Content starts

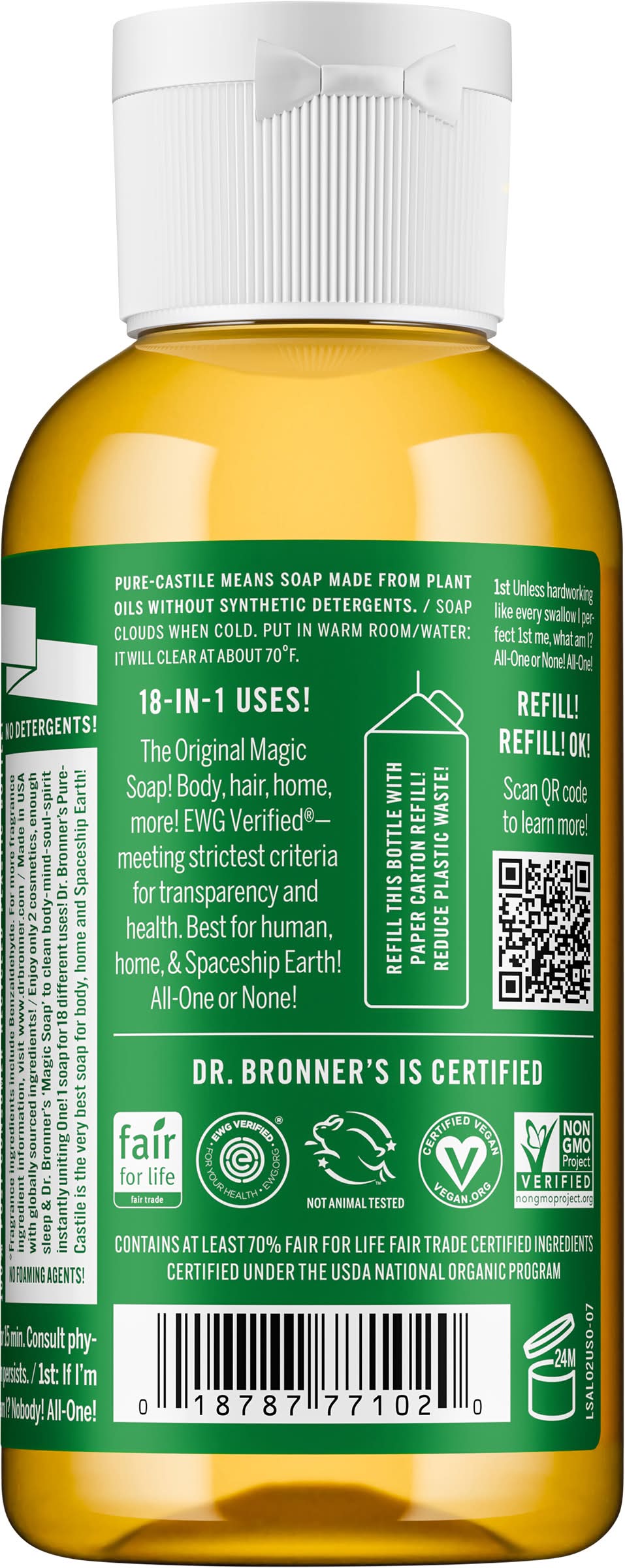 Enjoy only 2 cosmetics, enough sleep & Dr. Bronner's magic soap to clean body-mind-soul-spirit instantly uniting one! For facial packs, scalps & soothing body rub, add dash on bath towel in sink of hot water. Wring out. Lay over face & scalp. Massage with fingertips. Repeat 3 or 4 times til arms, legs & all are rubbed, always towards the heart! Dilute: Enjoy 1 soap for 18 different uses! Shave-shampoo-shower-bath-mop-launder-degrease! Dr. Bronner's pure-castile is the very best soap for body, home and spaceship earth! Synthetic preservatives? Detergents? Foaming agents? None! Teach the Moral ABC uniting all free in the shepherd-astronomer Israel's greatest all-one-god-faith! Good for 24 months once opened.
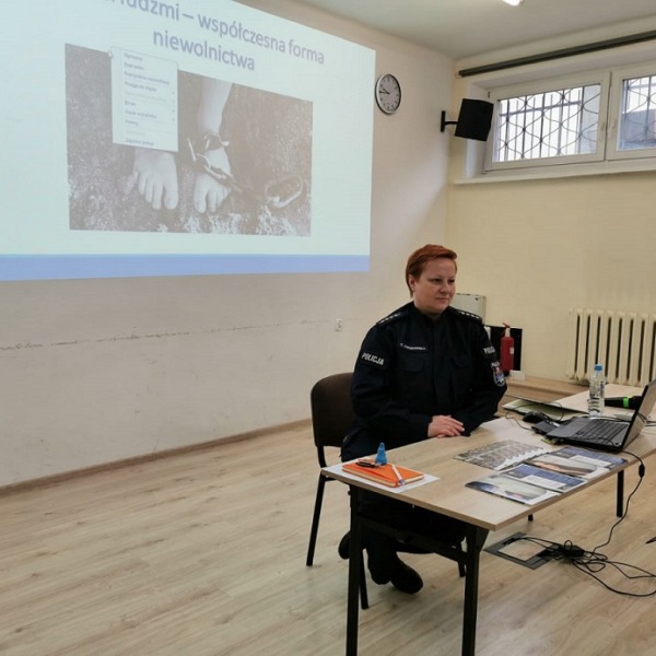 Aby uświadomić młodzieży czym jest handel ludźmi i jak ustrzec się by nie paść ofiarą tego przestępstwa funkcjonariusze przedstawili charakterystykę tego przestępstwa, godzącego w podstawowe wartości jakimi są wolność i godność każdego człowieka. Jest to współczesna forma niewolnictwa, a zwalczanie tego procederu stanowi wyzwanie dla całej Unii Europejskiej.
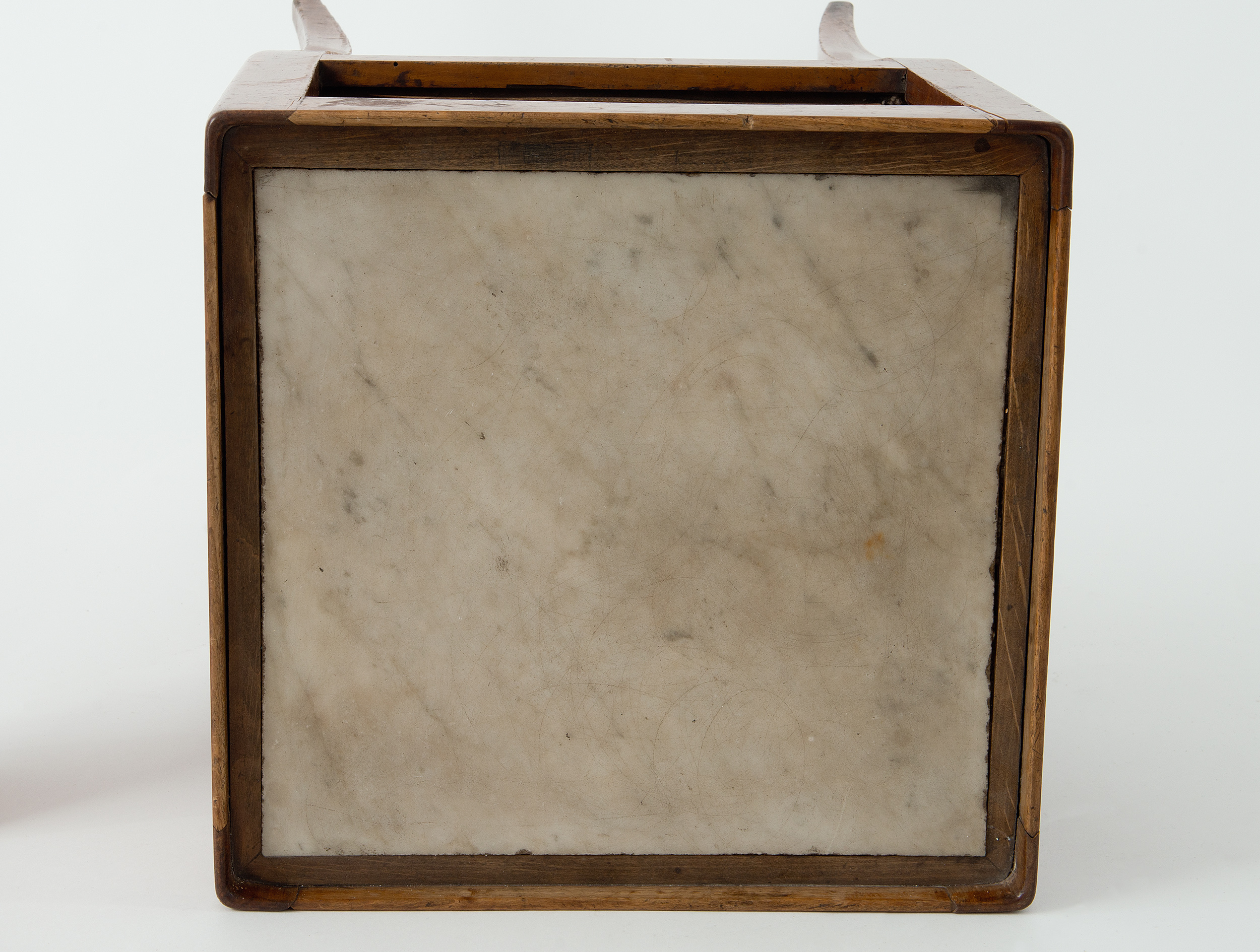 Stolik jest niemal pozbawiony zdobień, jedyną jego dekorację stanowi gładka powierzchnia polerowanego drewna i lekkie wygięcia nóżek. Głębię koloru podkreślała politura, dodając mu dyskretnego połysku. Jasny kolor marmurowego blatu był trafnym uzupełnieniem kompozycji barwnej. W 1932 r. wchodził w skład wyposażenia Pokoju Zielonego przy łazience ks. Izabeli Lubomirskiej w pałacyku gucińskim należącego do Potockich. Kolejny właściciel August Potocki przeniósł go do Pałacu Wilanowskiego przed 1867 r. .
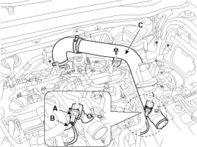 30. Install the intercooler inlet pipe & hose assembly (C) and then connect the recirculation valve connector (A) and the vacuum hose (B).
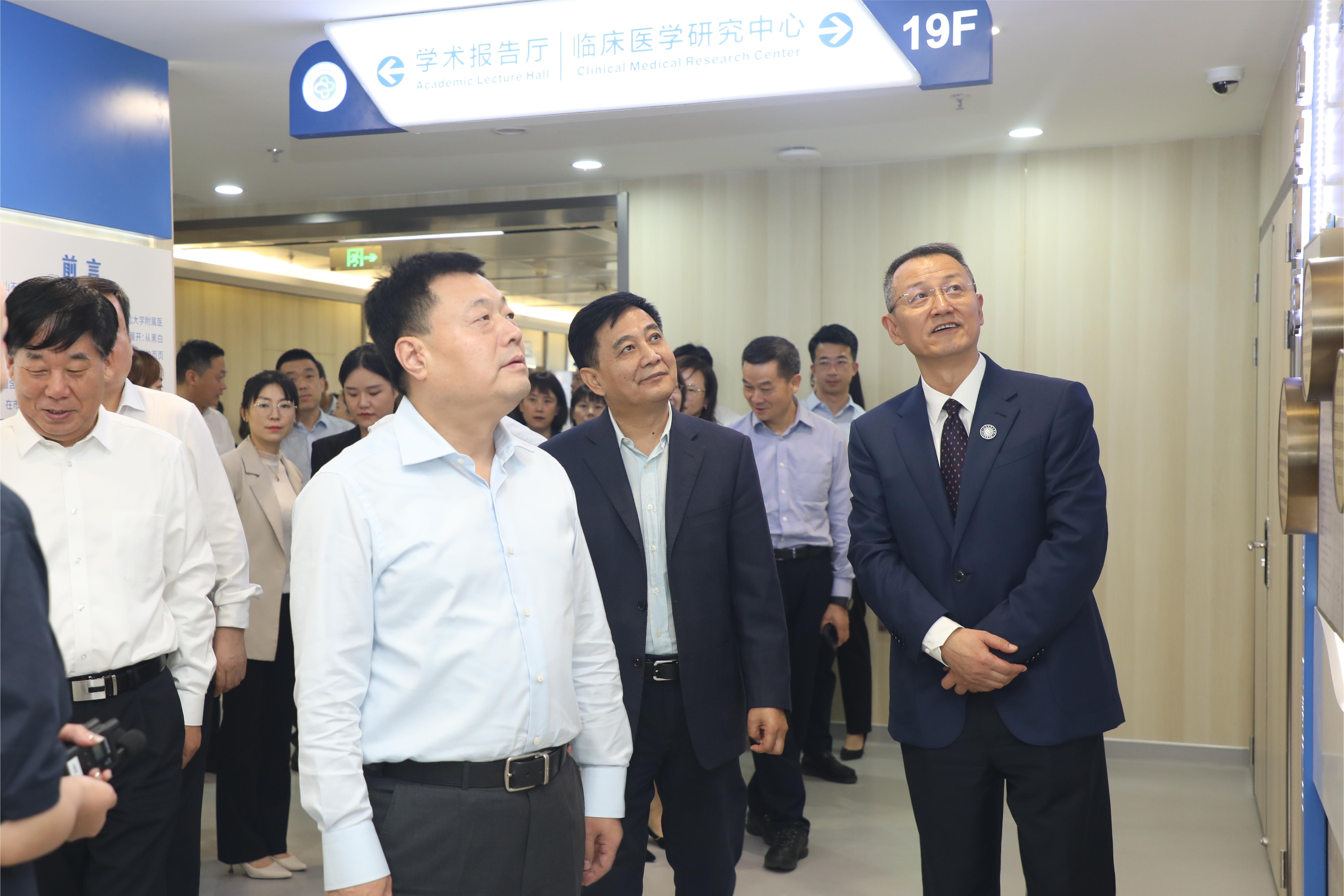 仪式结束后,王亚杰与嘉宾一同参观住院综合大楼,实地查看就医环境,并看望了在附属医院进行临床实习的2019级临床医学专业实习学生,同科室主任、带教老师以及实习同学深入交流。
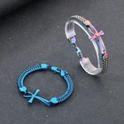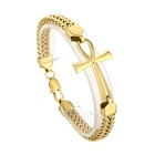Stainless steel double row woven cross bracelet spliced titanium steel jewelry

Content ends

**TASK BRIEF:** Write every entry again exactly as given, skipping the pictures.

**RESPONSE TO THIS TASK:**
 Enjoy only 2 cosmetics, enough sleep & Dr. Bronner's magic soap to clean body-mind-soul-spirit instantly uniting one! For facial packs, scalps & soothing body rub, add dash on bath towel in sink of hot water. Wring out. Lay over face & scalp. Massage with fingertips. Repeat 3 or 4 times til arms, legs & all are rubbed, always towards the heart! Dilute: Enjoy 1 soap for 18 different uses! Shave-shampoo-shower-bath-mop-launder-degrease! Dr. Bronner's pure-castile is the very best soap for body, home and spaceship earth! Synthetic preservatives? Detergents? Foaming agents? None! Teach the Moral ABC uniting all free in the shepherd-astronomer Israel's greatest all-one-god-faith! Good for 24 months once opened.
 Aby uświadomić młodzieży czym jest handel ludźmi i jak ustrzec się by nie paść ofiarą tego przestępstwa funkcjonariusze przedstawili charakterystykę tego przestępstwa, godzącego w podstawowe wartości jakimi są wolność i godność każdego człowieka. Jest to współczesna forma niewolnictwa, a zwalczanie tego procederu stanowi wyzwanie dla całej Unii Europejskiej.
 Stolik jest niemal pozbawiony zdobień, jedyną jego dekorację stanowi gładka powierzchnia polerowanego drewna i lekkie wygięcia nóżek. Głębię koloru podkreślała politura, dodając mu dyskretnego połysku. Jasny kolor marmurowego blatu był trafnym uzupełnieniem kompozycji barwnej. W 1932 r. wchodził w skład wyposażenia Pokoju Zielonego przy łazience ks. Izabeli Lubomirskiej w pałacyku gucińskim należącego do Potockich. Kolejny właściciel August Potocki przeniósł go do Pałacu Wilanowskiego przed 1867 r. .
 30. Install the intercooler inlet pipe & hose assembly (C) and then connect the recirculation valve connector (A) and the vacuum hose (B).
 仪式结束后,王亚杰与嘉宾一同参观住院综合大楼,实地查看就医环境,并看望了在附属医院进行临床实习的2019级临床医学专业实习学生,同科室主任、带教老师以及实习同学深入交流。
Stainless steel double row woven cross bracelet spliced titanium steel jewelry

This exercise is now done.